--- Given data ---

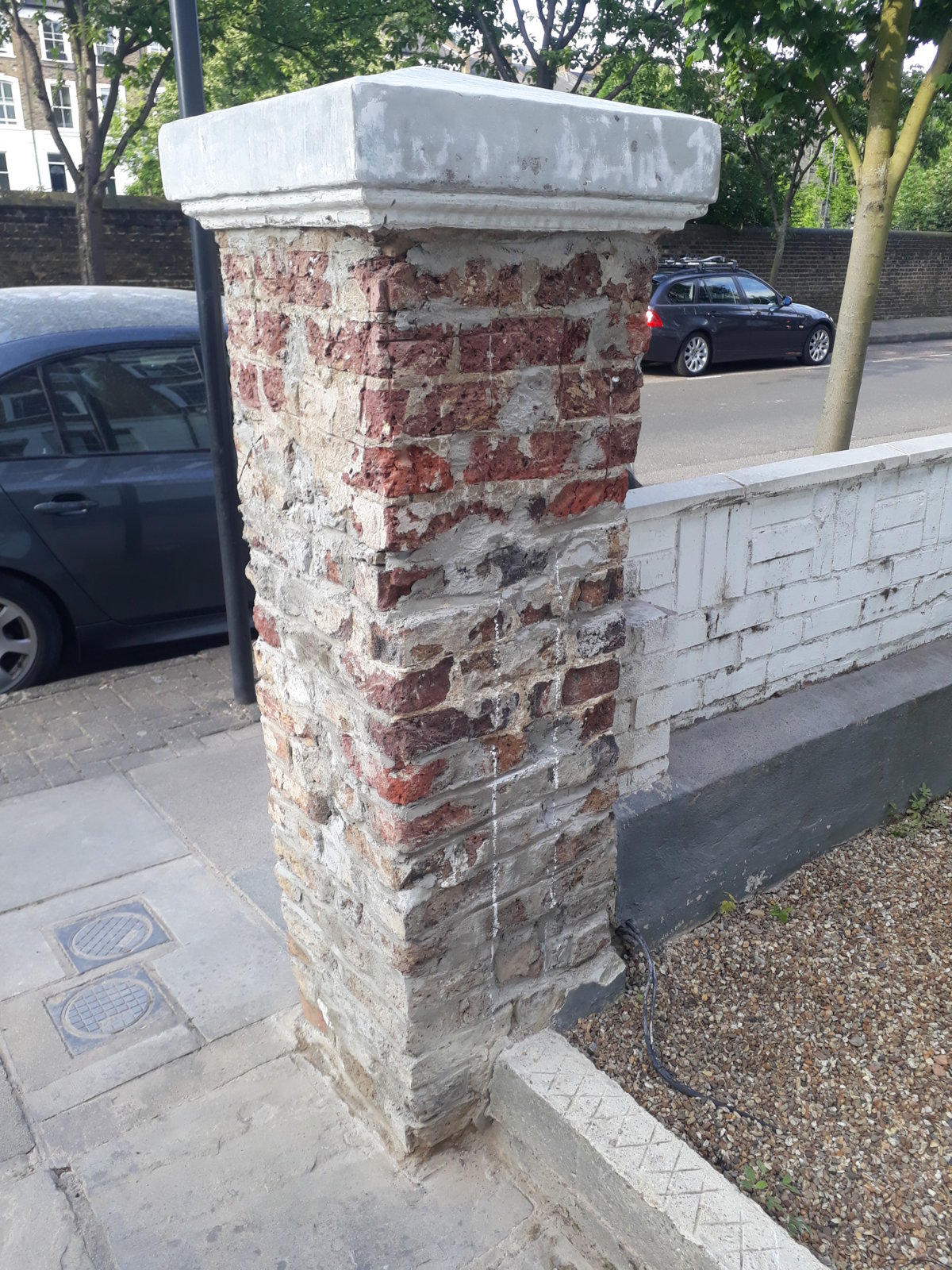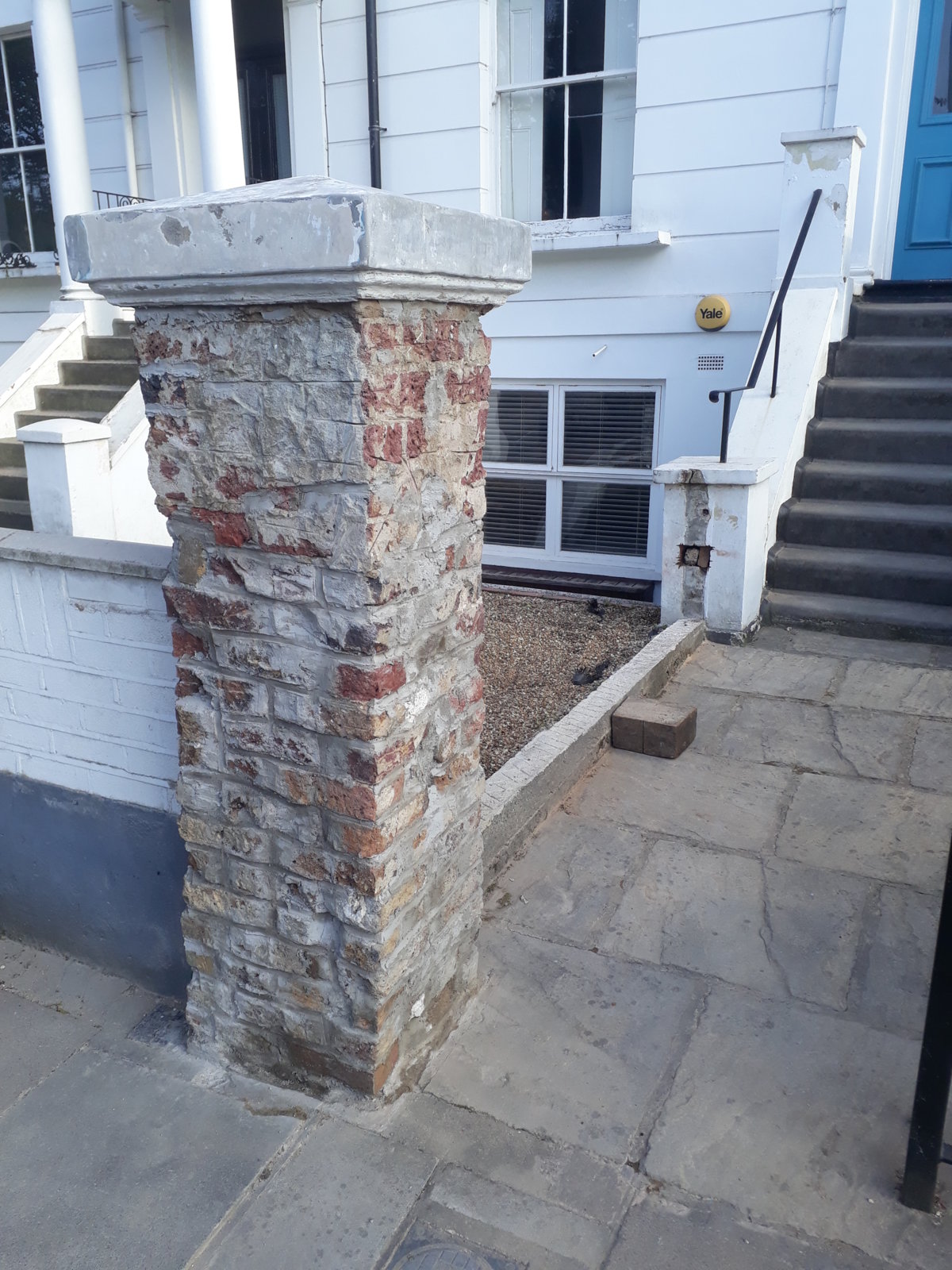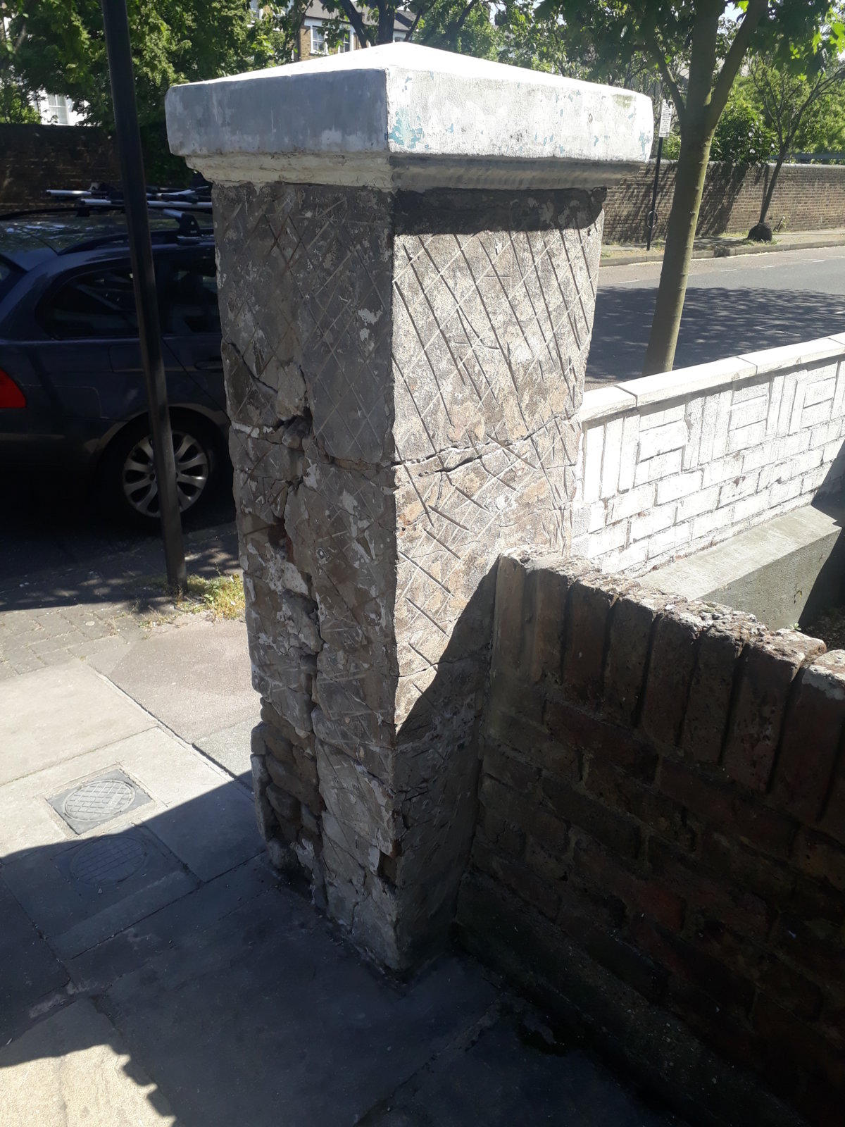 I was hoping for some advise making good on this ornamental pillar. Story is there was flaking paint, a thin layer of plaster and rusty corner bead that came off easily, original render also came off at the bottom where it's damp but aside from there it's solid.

---
--- Given data ---

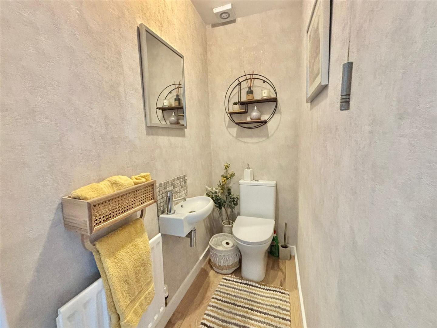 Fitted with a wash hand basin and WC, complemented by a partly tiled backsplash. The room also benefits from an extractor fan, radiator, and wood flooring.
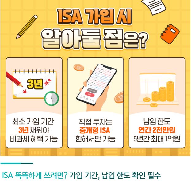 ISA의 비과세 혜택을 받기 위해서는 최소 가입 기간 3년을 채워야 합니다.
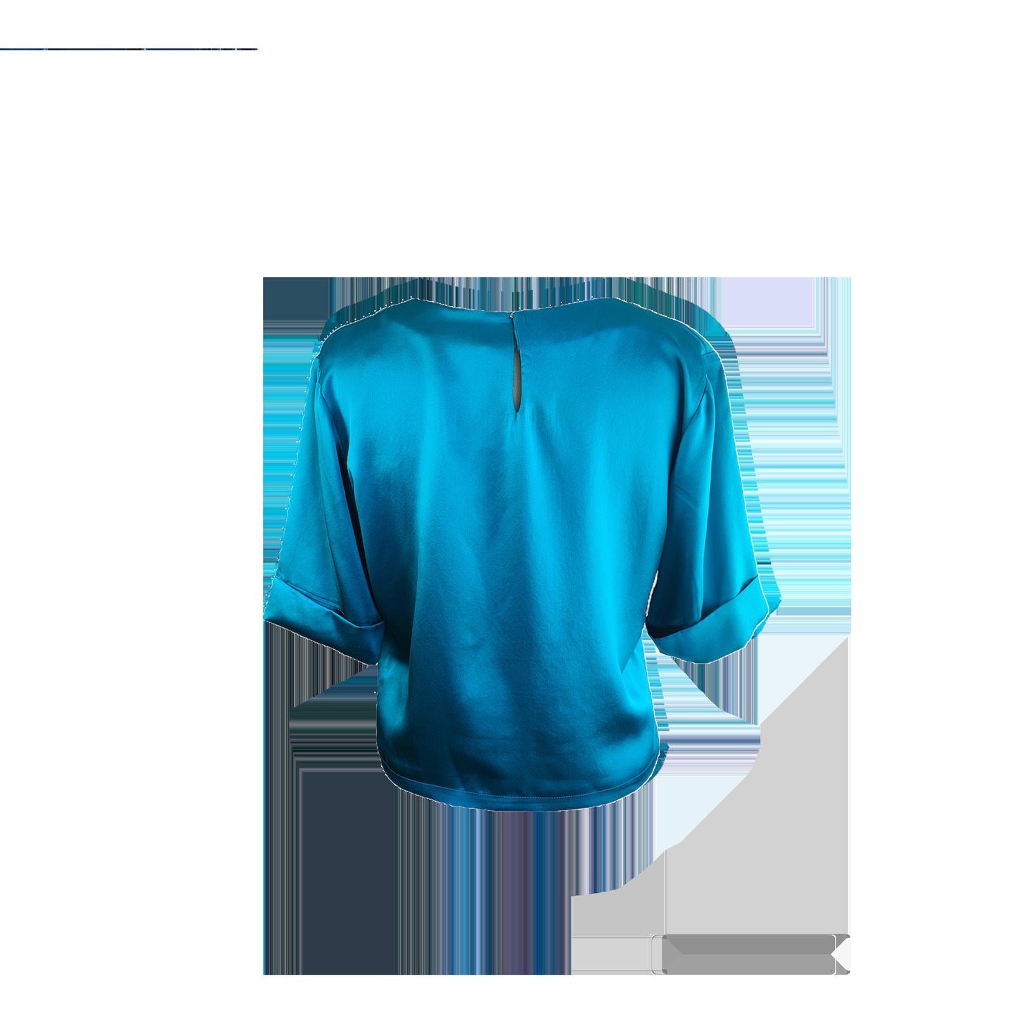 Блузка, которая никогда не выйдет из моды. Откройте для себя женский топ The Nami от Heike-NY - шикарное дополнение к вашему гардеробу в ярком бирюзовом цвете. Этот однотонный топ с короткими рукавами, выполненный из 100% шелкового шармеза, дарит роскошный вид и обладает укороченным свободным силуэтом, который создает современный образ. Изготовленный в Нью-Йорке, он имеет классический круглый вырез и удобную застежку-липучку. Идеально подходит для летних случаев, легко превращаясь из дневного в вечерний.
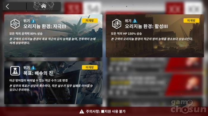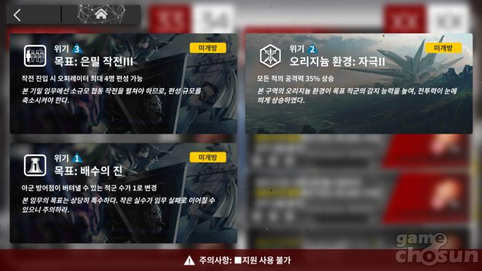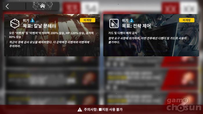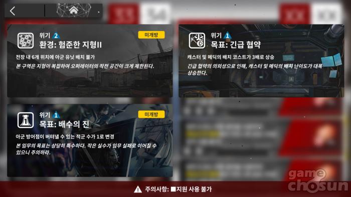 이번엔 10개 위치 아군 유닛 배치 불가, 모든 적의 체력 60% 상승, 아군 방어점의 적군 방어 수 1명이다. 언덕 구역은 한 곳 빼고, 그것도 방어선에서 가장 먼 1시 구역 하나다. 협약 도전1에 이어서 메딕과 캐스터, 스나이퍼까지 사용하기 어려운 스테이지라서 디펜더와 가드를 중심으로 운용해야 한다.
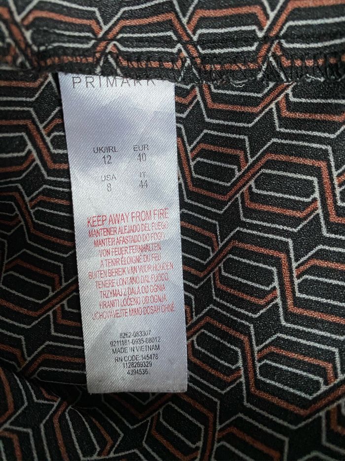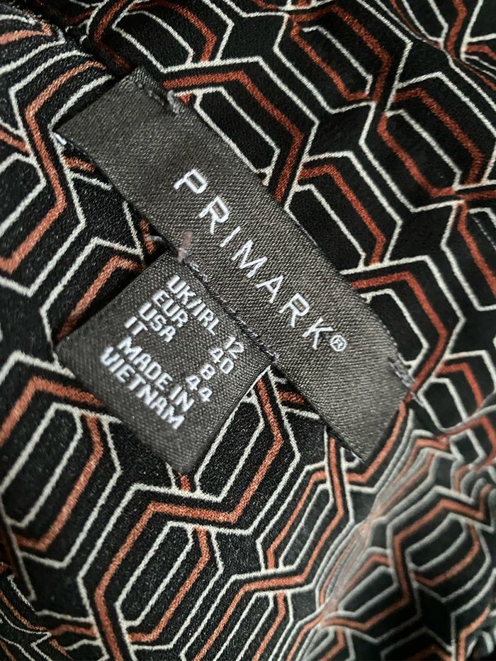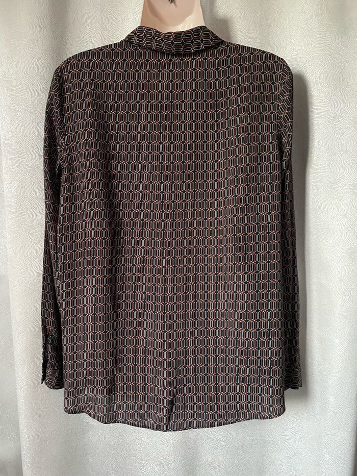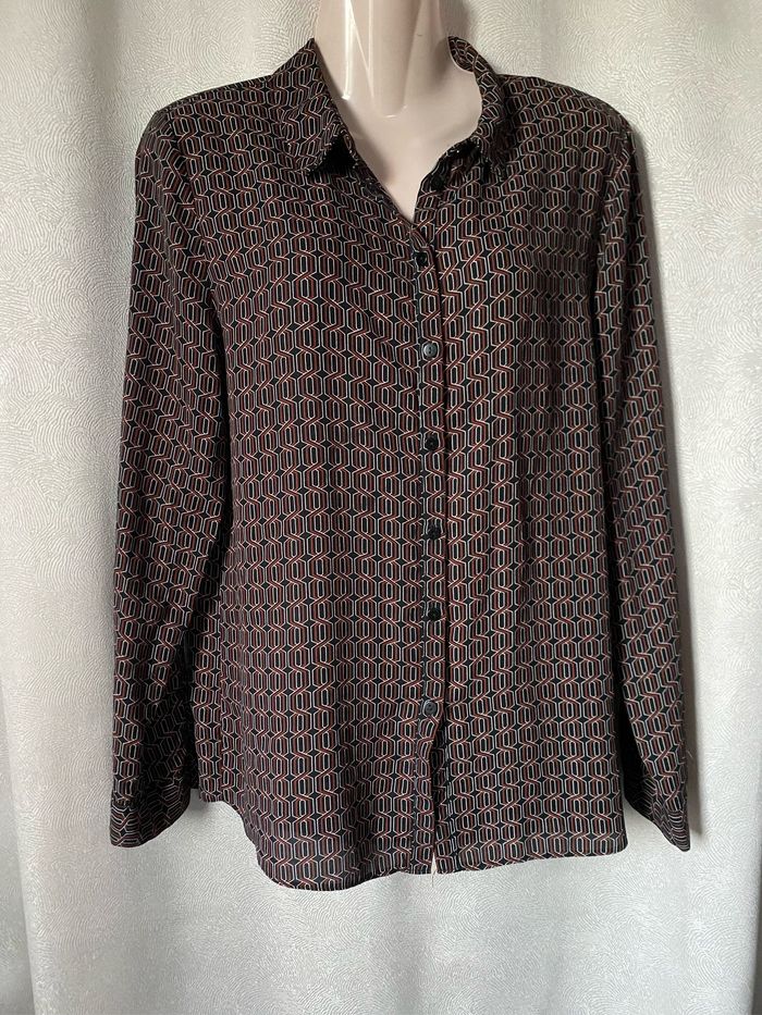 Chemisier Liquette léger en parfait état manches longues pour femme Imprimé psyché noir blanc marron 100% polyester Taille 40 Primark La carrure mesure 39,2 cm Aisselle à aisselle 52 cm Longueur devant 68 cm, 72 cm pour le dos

---

What is required:
Go back to the listing above and write out the lines starting at the one with "이번엔 10개 위치 아군" and ending at the one with "Chemisier Liquette léger", inclusive, exactly and without pictures.

Finished task:
 이번엔 10개 위치 아군 유닛 배치 불가, 모든 적의 체력 60% 상승, 아군 방어점의 적군 방어 수 1명이다. 언덕 구역은 한 곳 빼고, 그것도 방어선에서 가장 먼 1시 구역 하나다. 협약 도전1에 이어서 메딕과 캐스터, 스나이퍼까지 사용하기 어려운 스테이지라서 디펜더와 가드를 중심으로 운용해야 한다.
 Chemisier Liquette léger en parfait état manches longues pour femme Imprimé psyché noir blanc marron 100% polyester Taille 40 Primark La carrure mesure 39,2 cm Aisselle à aisselle 52 cm Longueur devant 68 cm, 72 cm pour le dos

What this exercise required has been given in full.